I've been looking at what it will take to extend this from Arun's February sketch to something that will actually schedule and run small jobs. At the moment it looks like it will largely avoid JobTracker; most of the action seems to be in JobInProgress (particularly initTasks() and obtainNew*Task()), TaskInProgress (findNew*Task(), getTaskToRun(), addRunningTask()), and the scheduler (assignTasks()).

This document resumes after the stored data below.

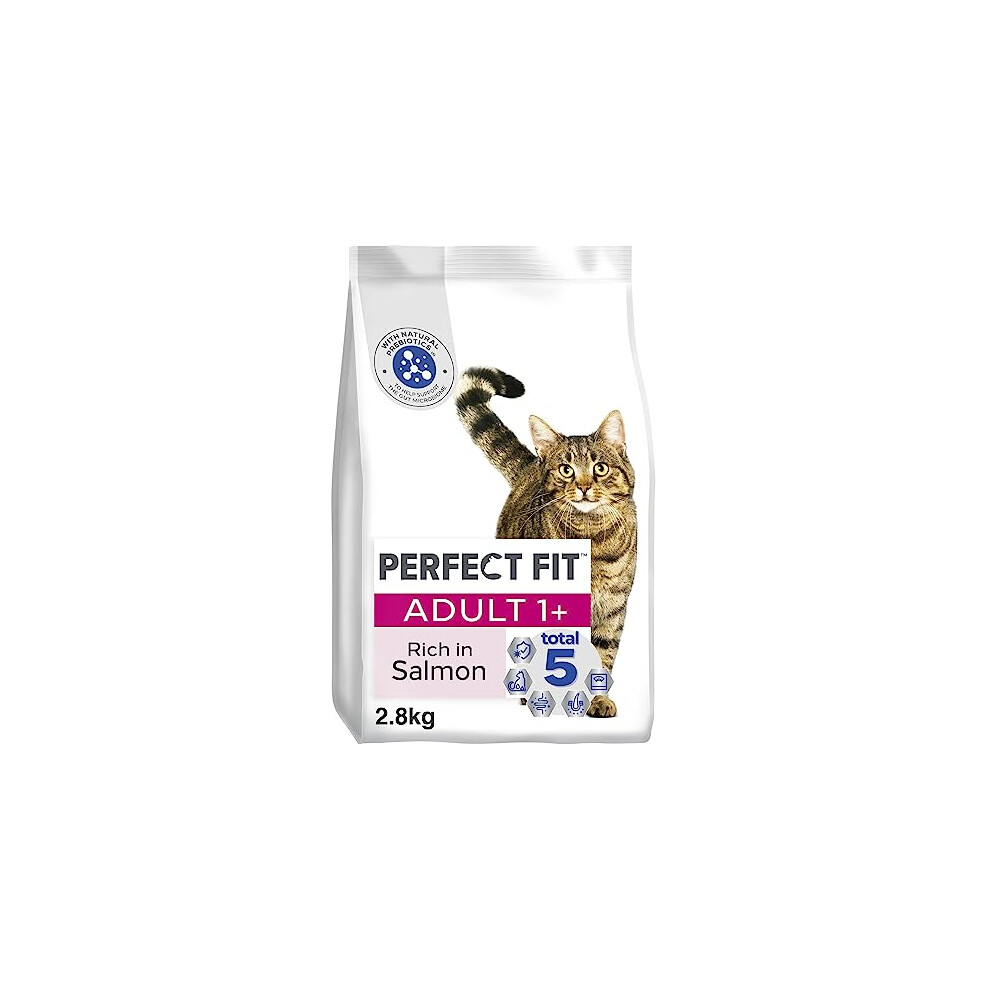 Perfect Fit Adult 1+ Complete Dry Cat Food for Adult Cats Aged 1+ Years, Rich in Salmon, 3 Bags (2.8 kg)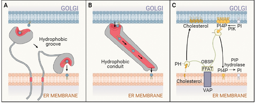 LTP 家族结构多样,但其作用机制大致可分为两类:脂质穿梭转运蛋白和形成脂质通道的蛋白。大多数穿梭转运蛋白在一个疏水裂隙或沟槽中结合单个脂质单体。在某些情况下,结合的脂质还被一个盖结构域屏蔽,使其与水相隔绝。这些 LTP 可以从膜中提取脂质,将其转运穿过水相,并递送到另一膜 (图 3A)。许多 LTP 还具有辅助结构域,使其定位到接触位点。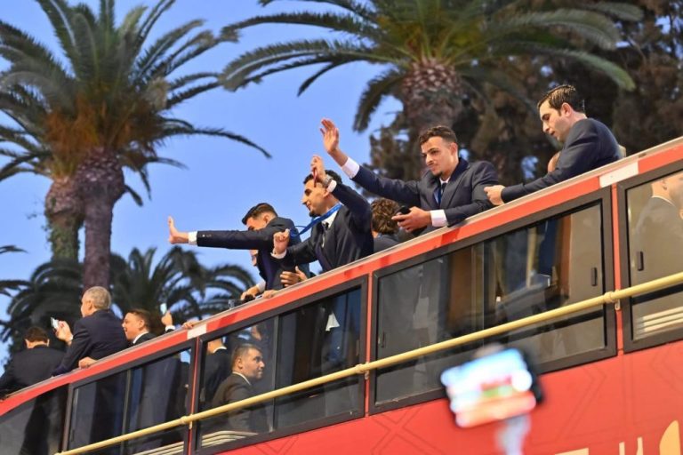 وجاب موكب الحافلة المكشوفة لـ”أشبال الأطلس”، المزيّنة بالألوان الوطنية، شوارع العاصمة وسط هتافات جماهيرية وأهازيج شعبية وزغاريد، فيما ازدانت شرفات المباني بالأعلام الوطنية، تعبيرا عن الفرحة بهذا الإنجاز العالمي.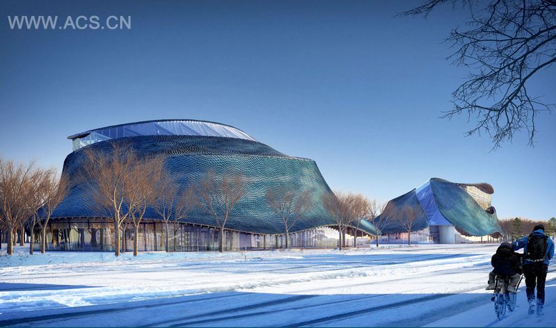 这两座博物馆建筑最令人瞩目的是其庞大、流线型的屋顶。这种用木质胶合层积材设计成网状构成屋顶梁体,不仅使建筑结构变轻,其独一无二的设计更是完美地融入了周边自然景观和博物馆主题。屋顶蓝色外观是由一片片蓝色琉璃片组合。琉璃瓦是能满足屋顶卷状设计的少数材质之一,也是现今匈牙利流行的建筑装饰。琉璃自身蓝青色的格调使得博物馆酷似冬日里树木的华盖,同时让这个有高度辨识感的项目与周围环境区分开。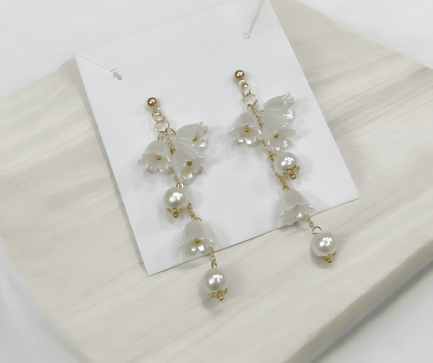 Pearl Korean Flower Earrings for Women – Elegant White Floral Design with Classic Pearl Detailing | Stylish Fashion Jewelry for Parties, Weddings, and Daily Wear | AWJ-998
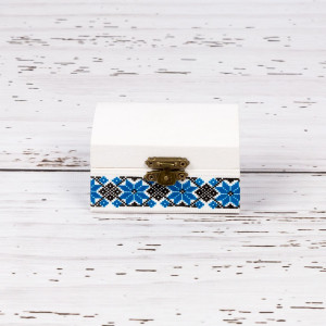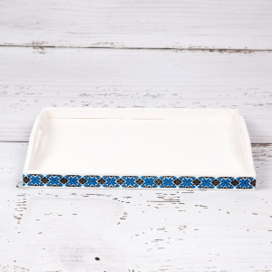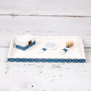 Vopseaua alba folosita pentru a decora produsele este non-toxica. Cele patru articole care compun acest set sunt decorate manual cu o banda cu decor traditional albastru pentru baieti.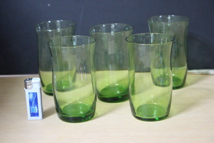 - 再■ み-297 【未使用】色ガラス グラス 5個 昭和レトロ コップ グリーン系 単品/約寸:高10cm 直径6cm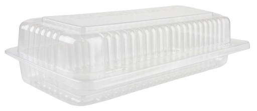 Prostokątny pojemnik wykonany z przeźroczystego tworzywa PET. Idealny do transportu i przechowywania ciast, ciasteczek, wypieków, itp. Dzięki zamykanej pokrywce zawartość jest lepiej chroniona przed uszkodzeniami i dłużej zachowuje świeżość.
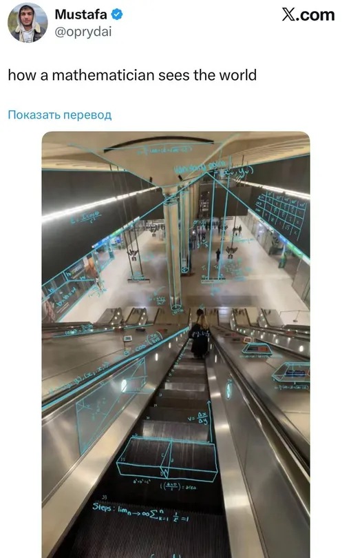 Первоначально идея появилась благодаря посту на одной из платформ, где пользователь разместил фотографию эскалатора с нарисованными поверх него уравнениями.

I haven't asked Arun what he originally had in mind, but it seems that there are two fairly obvious approaches:
- treat UberTask (or MetaTask or MultiTask or AllInOneTask or ...) as a third kind of Task, not exactly like either MapTask or ReduceTask but a peer (more or less) to both
- treat UberTask as a variant (subclass) of MapTask
I see the first approach as conceptually cleaner, and some of its implementation details would be cleaner as well, but overall it's harder to implement: there are lots of places where there's map-vs-reduce logic (occasionally with special setup/cleanup cases), and most of it would require modifications. The second approach seems slightly hackish, but it has at least that one big advantage: many of the map-vs-reduce bits of code would not require changes - in particular, I don't believe it would be necessary to touch the schedulers (and we're up to, what, four at this point?) since they'd simply see a job containing one map and no reduces.
Thoughts? (I don't yet have a strong opinion myself, though I'm interested in getting a proof of concept running quickly so I/we can see what works and whether it's a net win in the first place; from that perspective, the latter approach may be better.)
Either way, there will be changes needed in the UI, metrics, and other accounting to surface the tasks-within-a-task details, as well as the obvious configuration-related changes. Retry logic, speculation, etc., are still unclear (to me, anyway).
Stab at a couple of the other upstream questions:
Will users be able to set a number of reduce tasks greater than one? Or are you limited to at most one reduce task?
The latter, at least for now. This is somewhat related to the question of serial execution; i.e., if it's serial, the only reason you would want multiple reduces is if a single one is too big to fit in memory, and if that's the case, it's arguably not a "small job" anymore.
i am still a little dubious about whether this is ambitious enough. particularly - why serial execution? to me local execution == exploiting resources available in a single box. which are 8 core today and on the way up.
Well, generally multiple cores => multiple slots, at which point you let the scheduler figure it out. Chris mentioned that there's a JIRA to extend the LocalJobRunner in this direction (
MAPREDUCE-434?), and if the currently proposed version of this one works out, an obvious next step would be to look at similar extensions. But this is still an untested optimization, and all the usual caveats about premature optimization apply.
I don't know how Arun looked at the problem - I'm guessing the motivation was empirical, based on the behavior of Oozie workflows and Pig jobs - but I view it as way to make task granularity a bit more homogeneous by packing multiple, too-small tasks into larger containers. My mental model is that that will tend to make the scheduler more efficient - but also that trying to do too much may begin to work at cross-purposes with the scheduler, i.e., one probably doesn't want to create a secondary scheduler (trying to tune both halves could get very messy).
it does seem that a dispatcher facility at the lowest layer that can juggle between different hadoop clusters is useful generically (across Hive/Pig/native-Hadoop etc.) - but that's not quite the same as what's proposed here - is it?
Nope. But I think other groups are looking at stuff like that.